Benson odetchnęła z ulgą, że uwaga pani profesor została całkowicie od niej odwrócona. Spojrzała na swoją wybawicielkę i przybrała dziwny grymas, widząc Lunę. Uśmiechnęła się do Krukonki z wdzięcznością.

Całą lekcję Creswell opowiadała o kamieniu filozofów, zapominając o ukaraniu dwójki uczniów, o czym przypomniała sobie zaraz po zakończeniu zajęć. W ciszy przyglądała się bladej twarzy Harley oraz znudzonej Dracona. Sięgnęła do skrzypiącego biurka po książkę i podała ją im.

- Resztę materiałów znajdziecie w bibliotece, tutaj macie tylko zarys całego tematu. Za dwa dni chcę widzieć referat od was.- I tak była to łagodna kara, zwłaszcza, że dziewczynie przypadł temat do gustu.- Ach! I jeszcze jedno... panno Benson, jakbyś mogła chwilę poczekać. Panu już dziękuję- odprawiła Ślizgona, który bez słowa opuścił klasę.- Mam dużo szacunku do twojej ciotki- powiedziała.- Dumbledore wprowadził mnie w całą sprawę, a może... powinnam powiedzieć, że to ja wprowadziła jego.

- Jest pani z Zakonu- nie zapytała, stwierdziła.

Creswell skinęła lekko głową.

- Zgadza się. Byłam również na Dworze Meyling i współczuję ci tej tragedii, ale wiedz, że bez względu na to, jak jesteś potrzebna Zakonowi nie możesz liczyć na taryfę ulgową.
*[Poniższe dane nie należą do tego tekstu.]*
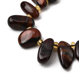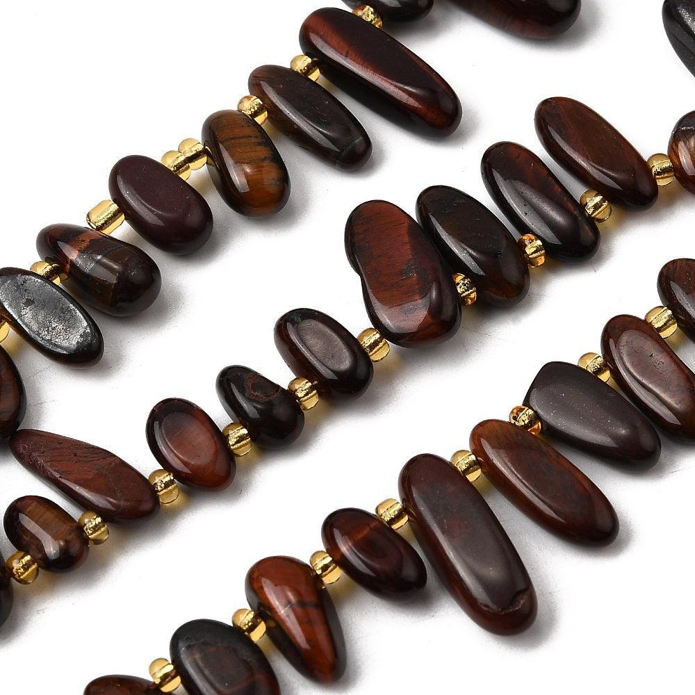 Deze nuggetvormige kraal is gemaakt van natuurlijk tijgeroog dat rood is geverfd voor een diepe, warme tint. De kralen hebben een gepolijste tumbled afwerking en zijn top-drilled, waardoor ze perfect zijn voor hangers, oorbellen en unieke accenten in armbanden of kettingen.

- Ale kiedy ja naprawdę się zgubiłam!

- Nie ma usprawiedliwienia. Regulamin szkoły jasno określa, że na lekcje trzeba przychodzić punktualnie.- Pokiwała palcem na dziewczynę.- Ta reguła obowiązuje w każdej szkole, mylę się? A może przez ostatnie kilkadziesiąt lat coś się zmieniło?

- Nie, ale...

- Zatem, panno Benson wszystko ustalone. Referat za dwa dni.

- Myślałam, że będzie mnie pani wypytywać o...

- Zapoznałam się już z twoimi zeznaniami. Chociaż byłam w Zakonie Feniksa od samego początku, znając wielu wspaniałych czarodziei, których już z nami nie ma, nie cenię niczego bardziej niż mojej pracy nauczyciela w Hogwarcie. To, co skrywa twój umysł chociaż powinno, to nie interesuje mnie, ponieważ może okazać się, że jest tak samo skomplikowany jak sama alchemia, dlatego to zostawię tobie.

- Nie jest pani taka zła- sapnęła Harley, otrzepując niewidzialny pyłek z szaty.

- Dobra, dobra, a teraz uciekaj do biblioteki, bo mogę być naprawdę niemiła, jeśli nie dostanę referatu.